** Provided records follows **

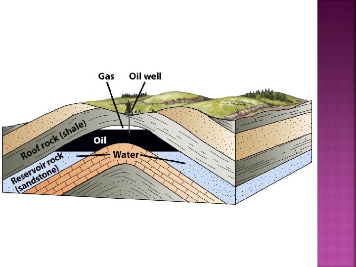 Petroleum is liquid fossil fuel Oil and natural gas form from marine phytoplankton Found where porous rocks are capped by nonporous rocks Accumulate at bottom of ocean floor Buried and heated until they became complex carbon molecules Found in porous rocks covered by nonporous rocks Makes up fuels, plastics, lubricants, tar, etc Pros: lots of energy, helps economies, many uses, easy to transport (pipeline) Cons: pollution (CO 2, sulfur, heave metals), oil spills, nonrenewable, plastics, foreign
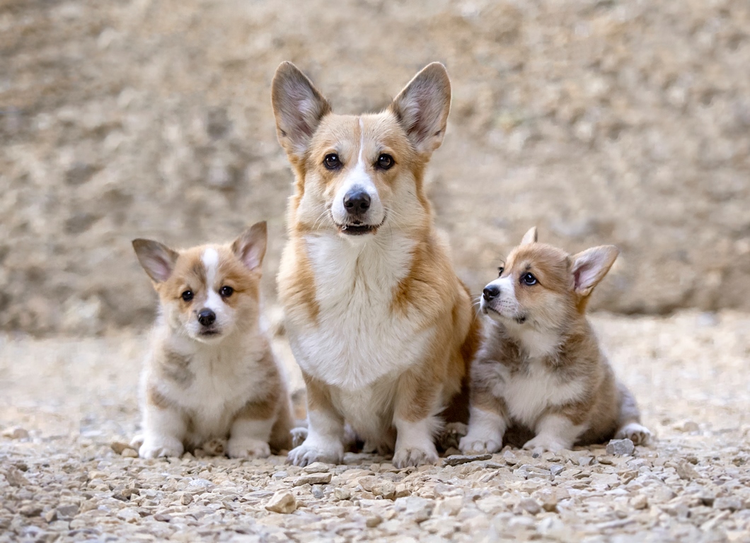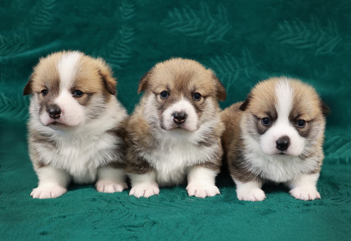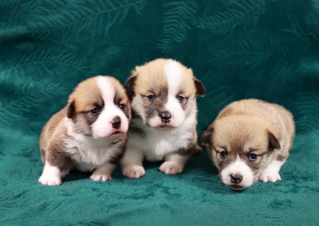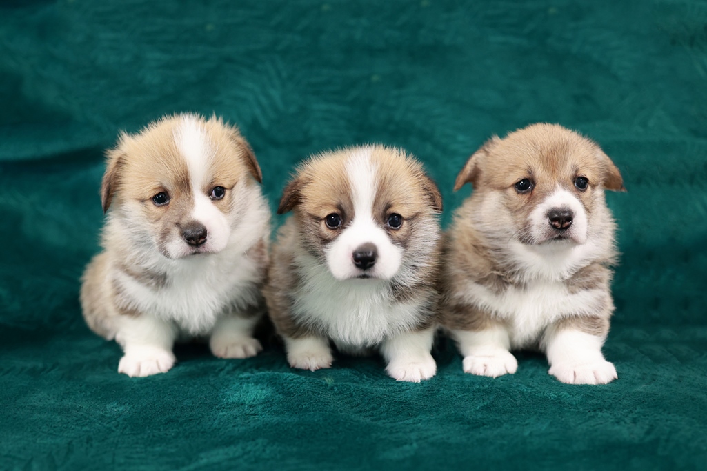 Dwie suczki corgi z ogonkami i jedna suczka z krótkim ogonem, wszystkie rudo białe.
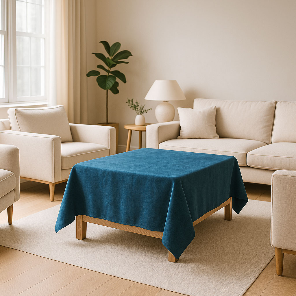 Тъмносиният нюанс е изключително подходящ за класически или съвременен интериор – стои благородно, без да натрапва присъствието си. Пере се лесно, не се мачка, и запазва вида си дори при интензивна употреба.
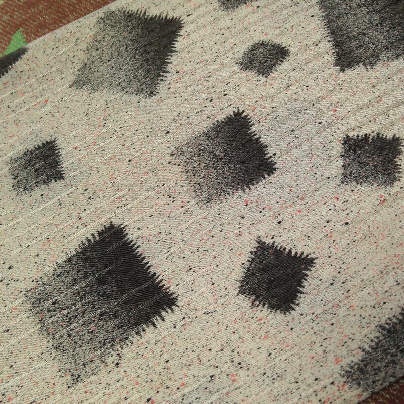 40年代前後のレーヨン ストール。アイボリーベースにピンク・黒のスプラッターのようなプリント。ランダムに途切れているライン状の織り柄入り。
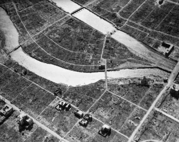 Большинство территории Хиросимы было стерто с лица земли взрывом атомной бомбы. Это первая аэрофотография после взрыва, сделанная 1 сентября 1945 года.
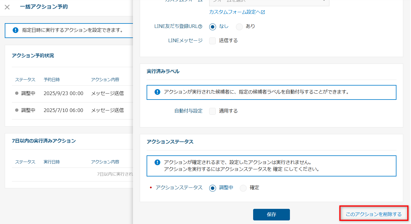 b)「一括アクション予約」を使って送信予約した場合
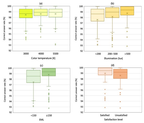 Correct answer rates of different CCTs, illumination, EML, and satisfaction level: (a) The effect of CCTs on work productivity; (b) The effect of illuminance on work productivity; (c) The effect of sufficient and insufficient 150 EML on work efficiency; (d) The effect of a comfortable lighting environment on productivity under the condition of sufficient 150 EML.
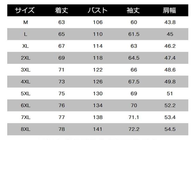 | サイズ | M L XL 2XL 3XL 4XL 5XL 6XL 7XL 8XL |
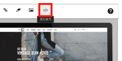 텍스트 편집도구에서 코드보기 아이콘을 클릭합니다.

** End of Provided records **

• _Your task_
Excerpt from the records above: set down only the lines from the one that contains "Большинство территории Хиросимы" through the one that contains "b)「一括アクション予約」を使って送信予約した場合", inclusive, word for word. Pictures stay out.

• _Result below_
 Большинство территории Хиросимы было стерто с лица земли взрывом атомной бомбы. Это первая аэрофотография после взрыва, сделанная 1 сентября 1945 года.
 b)「一括アクション予約」を使って送信予約した場合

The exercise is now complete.